More important to our discussion is the fact that in a stable society (not static, but stable, and thus including healthfully growing societies) one would not have to think, or think so deeply, about culture and the fundamental guiding principles of life. One would inherit them, live by them, and since the society is healthy and since change is slow or modest, those ideals would guide you throughout your life as they guided your parents.

In contrast consider the conundrum of modern society, in which people's hopes of a good and stable life are foiled in one of two ways. Liberal and open people are fed, or more likely over-fed, a diet of fads, balderdash that changes every decade, or nowadays every year. They bounce from trend-to-trend until the wreckage of their hopes is visible in the rear-view mirror. Conservative types are handed down ideals that are or will become alien to society and which will alienate their adherents from society.

On the conservative side, consider the change within the life of J. R. R. Tolkien, in whose birth year of 1892 Queen Victoria rules the British Empire at its height, Brahms and Dvorak are composing symphonies, John Singer Sargent paints Mrs. Hugh Hammersley, and Kipling publishes Gunga Din.  In the year of Tolkien's death, 1973, the UK enters the proto-European Union, Pink Floyd releases The Dark Side of the Moon, Warhol paints Chairman Mao, and Americans are sending up stations into orbit. It is small wonder that Tolkien crafted the world of the Shire, where change comes slowly, if at all.

What does it mean to speak of ideals amid such swift change? In such rapidly evolving societies, and also in unhealthy ones and ones highly pluralistic that offer a multitude of visions of life, one must consider ideals most carefully, whether conservative or liberal. For the former, the values of yesteryear will set you apart, for better and worse. For liberals, the values of the day won't necessarily be around long enough to get you through life, nor have they been tested and found to be capable of such even if they did stick around. So consideration, to say the least, is a prerequisite of modernity.

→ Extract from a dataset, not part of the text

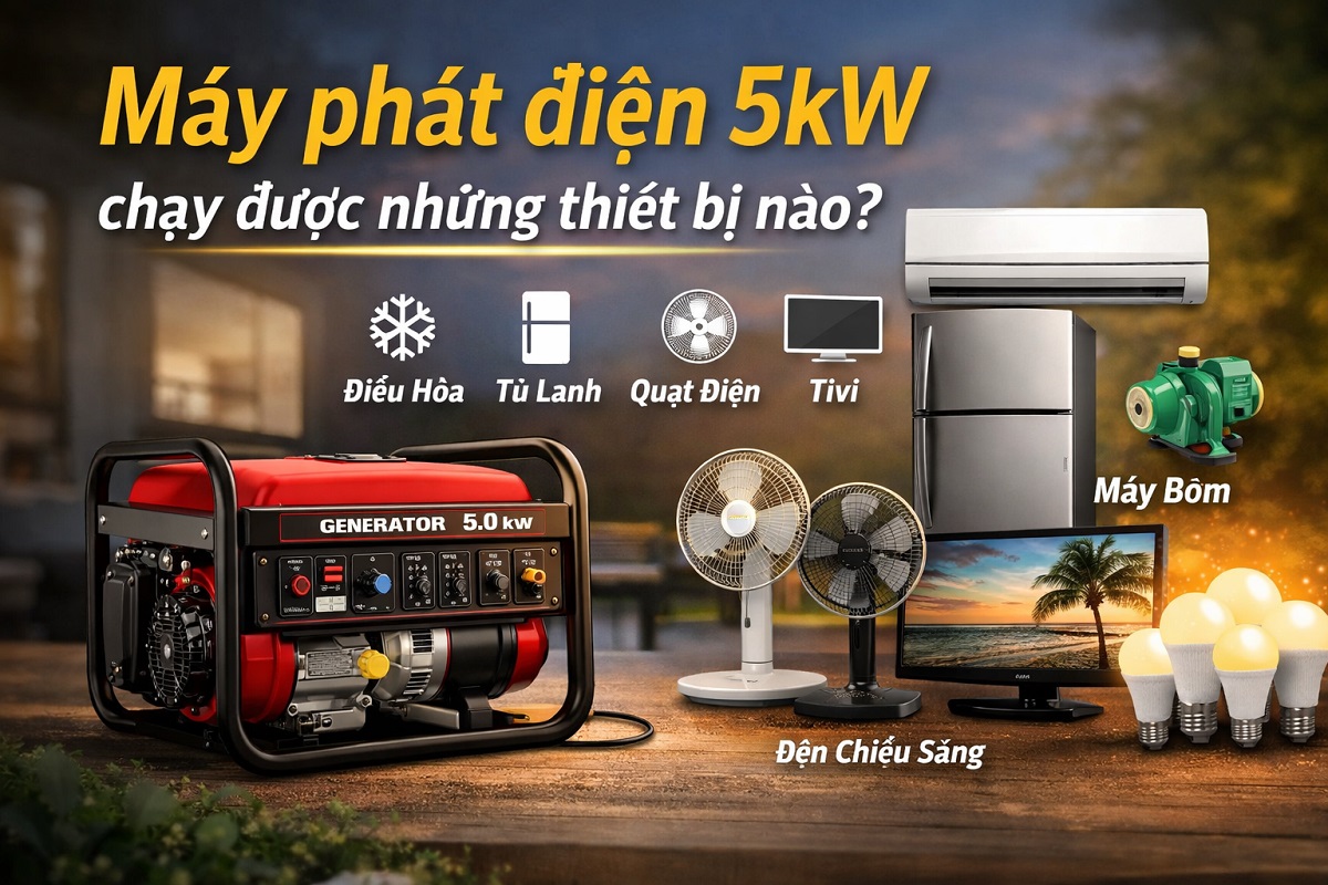 Máy phát điện 5kW là dòng máy được nhiều gia đình, cửa hàng và trang trại lựa chọn vì công suất vừa phải, giá thành hợp lý và đáp ứng được nhiều nhu cầu sử dụng khác nhau. Tuy nhiên nhiều người vẫn thắc mắc: máy phát điện 5kW chạy được những thiết bị nào?

In considering whether today's prevailing vision of life is good, some families find that it is not and so choose a new vision, often one rooted in things valued by earlier generations. That's why homeschooling families look odd to modern families, who often describe homeschoolers as Amish, or some such, by which they mean we look disconnected from the culture. Quite right, and quite good, if wisely disconnected—I would perhaps say the ideal is prudently independent. The family should have a somewhat unique and certainly a good vision of life that animates its members, although it should not, of course, become so odd and insular that it becomes a cult. On the other hand, the more debased the culture, the more radical anyone pursuing the good will seem.

If you have no particular vision of life, though, then the appalling popular culture of the present is your vision, whether or not you realize it. Popular culture (by which I mean vulgar culture and the ignorance of high culture and tradition) and what I will gloss over as "modern" trends in education are entangled in schools to such a degree as to form an impenetrable thicket so dense that someone reared within its thorny grasp will find it a long struggle to find his way out to the light, and when he finds his way out, he will not be the same.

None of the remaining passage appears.